First tip, you can use length() instead of size(), length() returns the number of elements in the largest dimension.

To be clear, your code hopes to simply remove only 1 of duplicate small values in the 4th 5th and 6th collumns? So if you had 3 duplicate small values you would keep two of them?

You may want to look at logical indexing. Here's code that would remove all small values.

pore_char.BoundingBox = pore_char.BoundingBox((pore_char.BoundingBox(:,4) > vox_min), :)
pore_char.BoundingBox = pore_char.BoundingBox((pore_char.BoundingBox(:,5) > vox_min), :)
pore_char.BoundingBox = pore_char.BoundingBox((pore_char.BoundingBox(:,6) > vox_min), :)

Heres code that stores all small values in a new array and then removes them from original array:

pore_char.BoundingBoxSmall = pore_char.BoundingBox((pore_char.BoundingBox(:,4) < vox_min), :)
pore_char.BoundingBoxSmall = [pore_char.BoundingBoxSmall pore_char.BoundingBox((pore_char.BoundingBox(:,5) < vox_min), :)]
pore_char.BoundingBoxSmall = [pore_char.BoundingBoxSmall pore_char.BoundingBox((pore_char.BoundingBox(:,6) < vox_min), :)]
pore_char.BoundingBox = pore_char.BoundingBox((pore_char.BoundingBox(:,4) > vox_min), :)
pore_char.BoundingBox = pore_char.BoundingBox((pore_char.BoundingBox(:,5) > vox_min), :)
pore_char.BoundingBox = pore_char.BoundingBox((pore_char.BoundingBox(:,6) > vox_min), :)

Or a more simple example:

A = 10.*rand(100,3); %creates a 100x3 matrix of random numbers between 0 and 10
A = A((A(:,1)>4),:); %redefines A as every row that meets the criteria of the first collumn in that row being > 4.

Nolan Miller 2019년 6월 28일

The last example worked!
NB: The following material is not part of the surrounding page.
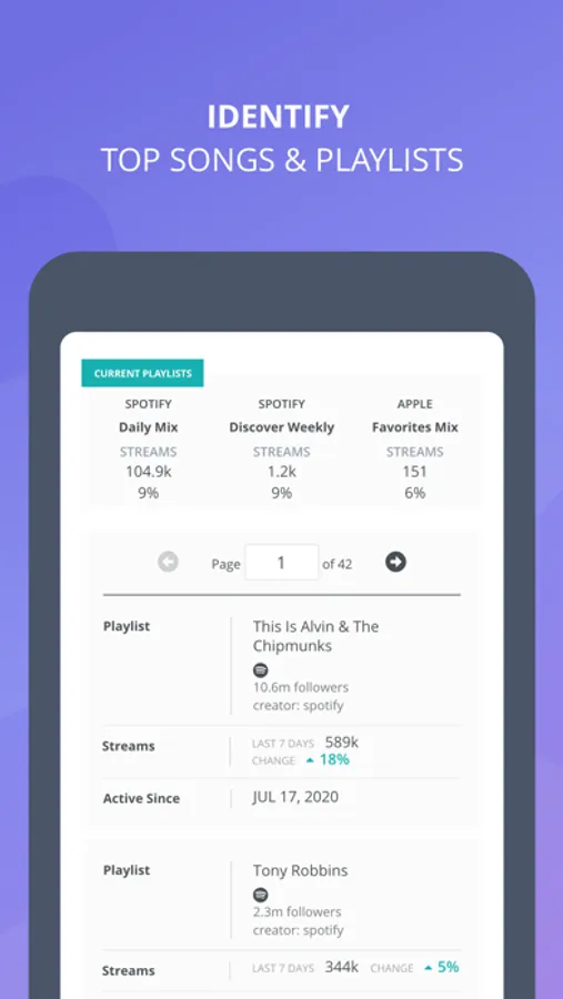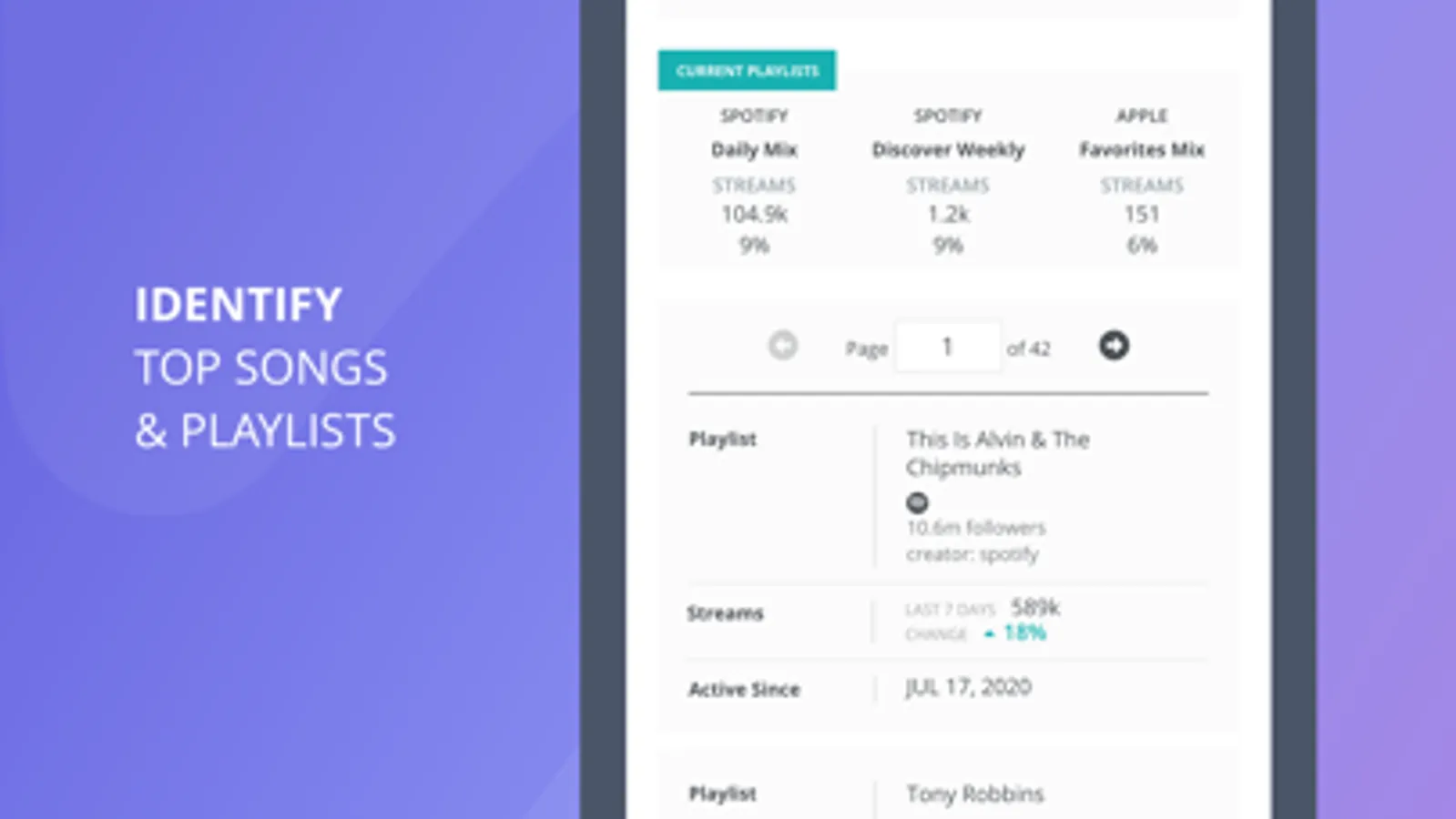 Quickly see the top performers, including top songs, playlists, and comprehensive song activity details.

I needed the script to rake through all three of the columns removing any row where any of the three values was less than a value. I planned on using a for loop to repeat the simple example for each column, but the index always went out of range due to the deleted rows.

It's working now with just pasting the same step each time - I'm sure there is a more elegant way to do this, but it works! Thank you very much!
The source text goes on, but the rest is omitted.